In 1793, Portugal and Spain joined the First Coalition against the French Republic but Spain dropped out in 1795 after a series of defeats in the War of the Pyrenees. It then allied with France in the 1796 Second Treaty of San Ildefonso and declared war on Britain. During the 1798–1802 War of the Second Coalition, on 20 May 1801 Spain invaded Portugal in the War of the Oranges under pressure from France, which was anxious to deny Britain access to Portuguese ports.

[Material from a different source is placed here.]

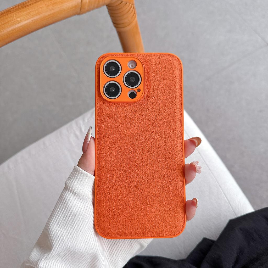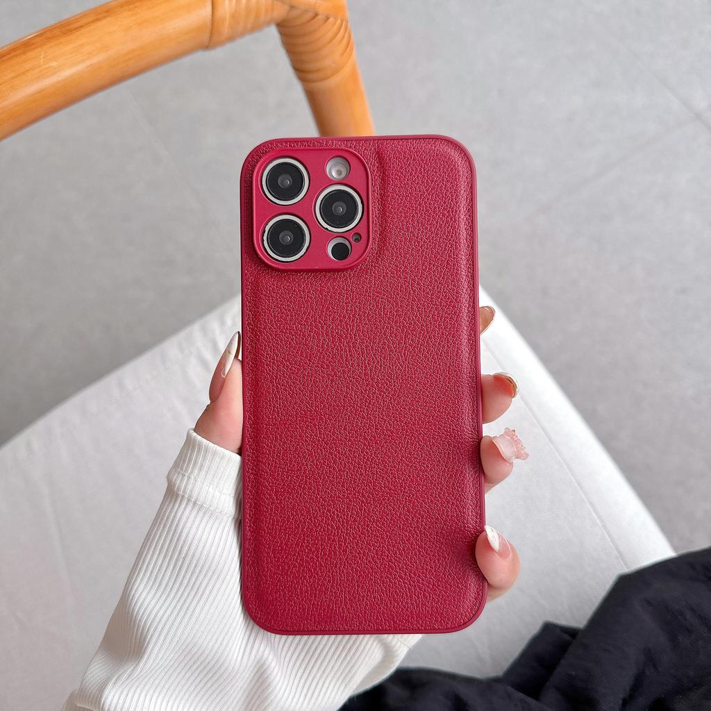 Black Lychee Pattern for Apple 16 Mobile Phone Case for IPhone 15 Personality 12 Promax Autumn and Winter Leather 13 Anti-fall

Portugal and Spain signed the Treaty of Badajoz on 6 June; on the same day, Portugal also agreed to a second and separate Treaty of Badajoz with France, granting it substantial territorial gains in South America. The modern border between French Guiana and Brazil is the Oyapock River, which was agreed in 1713; the proposed Treaty moved it south to the Araguari or Amapá River, taking in large parts of Northern Brazil. Portugal also agreed to close its ports to British shipping, pay an indemnity of 20 million francs and allow the import of French woollen goods.

Napoleon refused to ratify the Treaty of Badajoz, claiming his Foreign Minister Talleyrand who agreed the terms and his younger brother Lucien Bonaparte, who signed it had both been bribed by the Portuguese. (Note: Whether or not this was true, the terms of the rejected Treaty were essentially those agreed by Napoleon with Portugal in the unsigned 1797 Treaty of Paris.)

==Provisions==
At the time, European settlement in much of South America was restricted to coastal areas, making access to waterways vital; Portuguese Bandeirantes had used the rivers to expand into the interior, discovering both gold and diamonds. The Treaty of Madrid moved the border of French Guiana further south to the Carapanatuba River, a tributary of the Amazon, giving France navigation rights in the Amazon estuary. This greatly enhanced the economic potential of French Guiana.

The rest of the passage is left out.